Even so, there's some anxiety over the fairness and fun-ness of the matchmaking. Zubon at KTR has a series of posts that go into the prospects and shortcomings of the system in some detail. In common with every variation on the WvW format so far, and there have been a number of them, swings swing and roundabouts turn.

A combination of a weekend work schedule and some still-unresolved computer problems prevented me joining in from the beginning but last night I managed to get to the match at last. I spent a good five hours in the Borderlands and highly enjoyable it was, too.


Our opening match pits Yak's Bend against long-time rivals Ehmry Bay (always known as EBay) and relative strangers Borliss Pass. One of the oddest things to assimilate under the new system is the knowledge that for the next seven weeks the servers against which we will play are already decided. Moreover, it's likely to be relatively easy to predict the rough outcome of each match well ahead of time, although as in any competitive activity unexpected outcomes are always possible and an upset is always on the cards.

Having said in a comment at KTR before the match began that I didn't expect this new system to lead to anything much different for Yak's Bend than the perennial mid-table stasis to which we have become either inured or reconciled over the course of the year, I was surprised to notice a distinctly different tone to proceedings when I finally arrived on YBBL. For one thing everything now seems to be happening on fast-forward. In the whole longish session, during which I spent time on all three borderlands, I never once saw us fortify or seriously defend anything. Strategy seems to be much more about an endless tit-for-tat taking of camps, towers and even keeps.
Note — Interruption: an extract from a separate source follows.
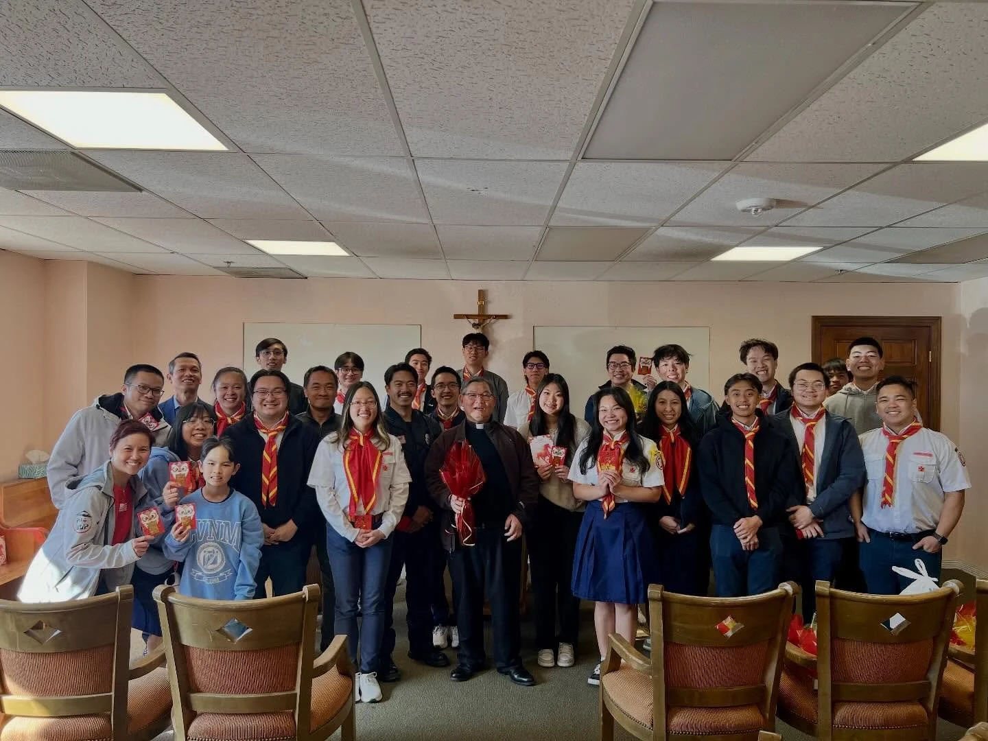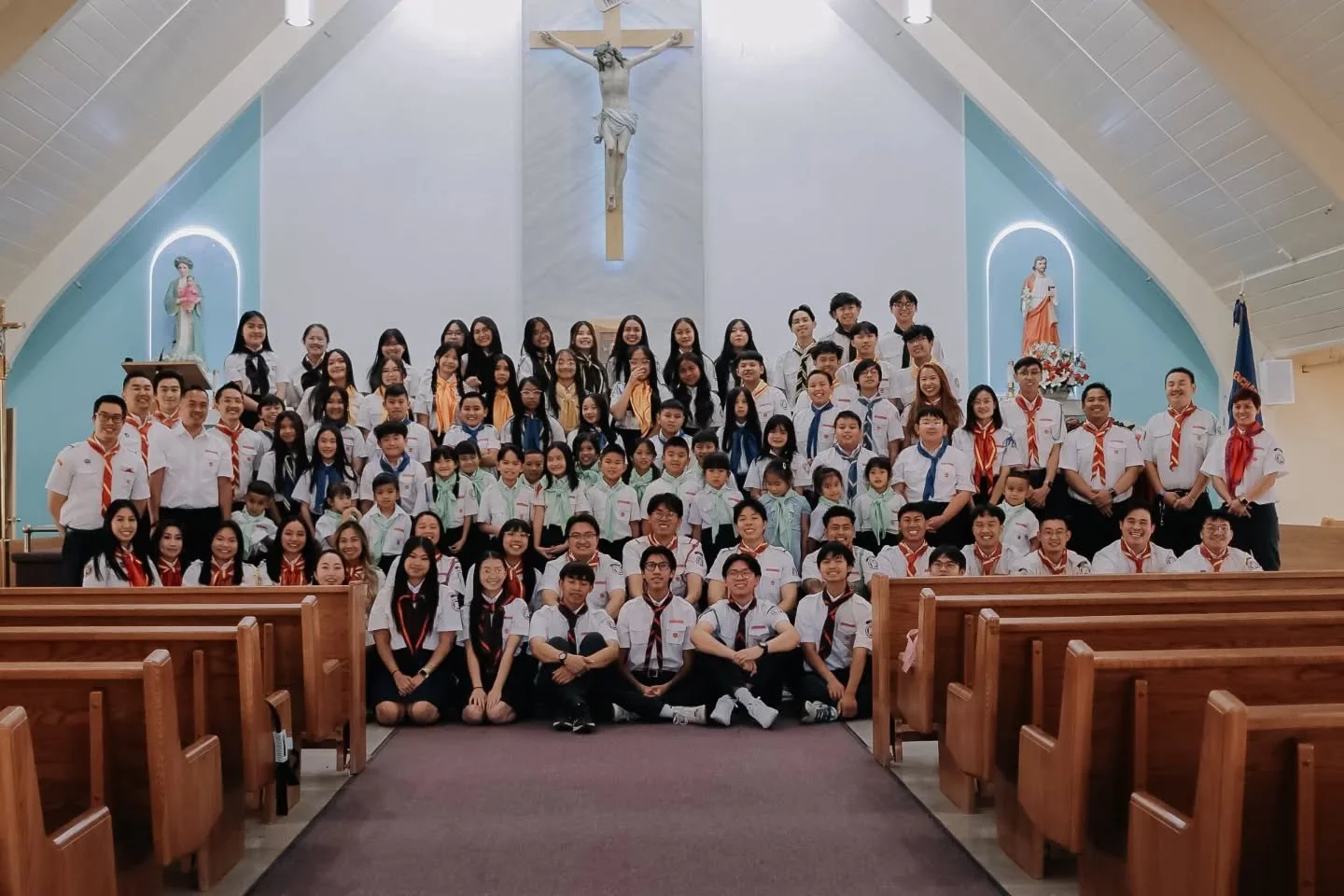 The Huynh Trưởng motto is Phụng Sự, which translates to “service”, and các Huynh Trưởng wear red, the color symbolizing love, service, sacrifice, and responsibility. They help các em grow in faith and grow closer to God.
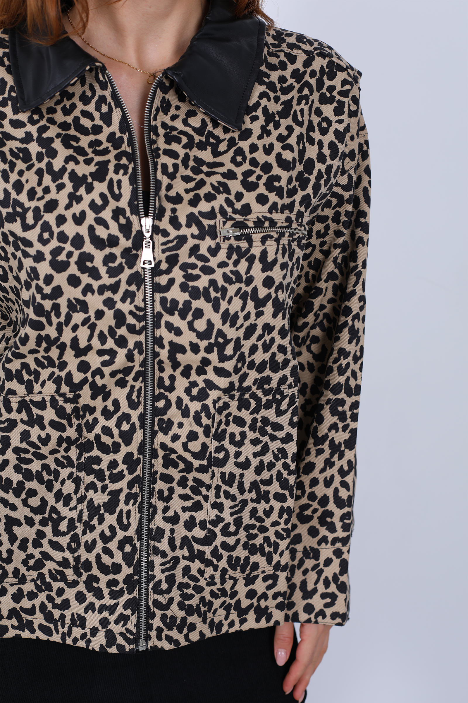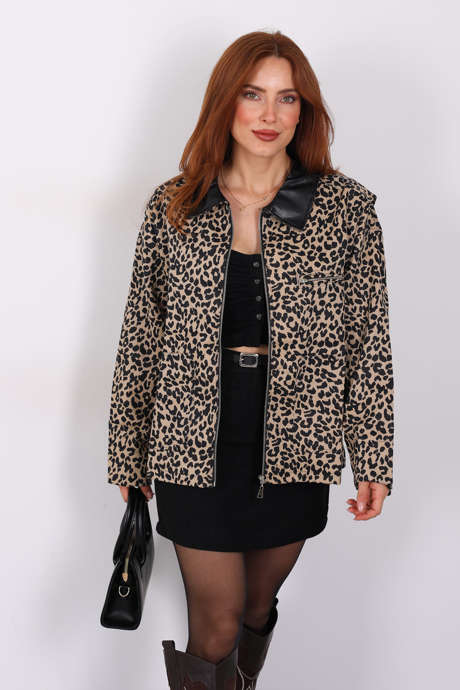 Bu ceket, derin leopar deseni ile siyah deri yaka detayı birleştirerek güçlü ve zarif bir stil sunuyor. Vahşi desenin enerjisi, deri yakanın sertliğiyle dengelenmiş; hem şehirli hem asi bir duruş yaratıyor.Leopar baskılı kumaşı, yumuşak dokulu ancak yapılandırılmış bir yüzey sağlar; deri yaka ise hem görsel kontrast hem de kalite vurgusu yapar.Önden fermuarlı kapanışı sayesinde pratik ve modern bir hava kazandırıyor; istenirse açık takılarak daha gevşek bir siluet oluşturulabilir.

My understanding of the larger plan is limited since I'm not currently in the server's WvW voice chat, which has moved in the few weeks since I Iast paid attention from Mumble, which I have installed, to TeamSpeak, which I don't. Direction of ancillary forces still largely takes place through Team and Map chat, though, and if in doubt there's always a blue dorito to follow. I just go where the action is and respond to map calls when they come, a "strategy" I've been employing for over a year and one which serves to keep me richly entertained more often than not.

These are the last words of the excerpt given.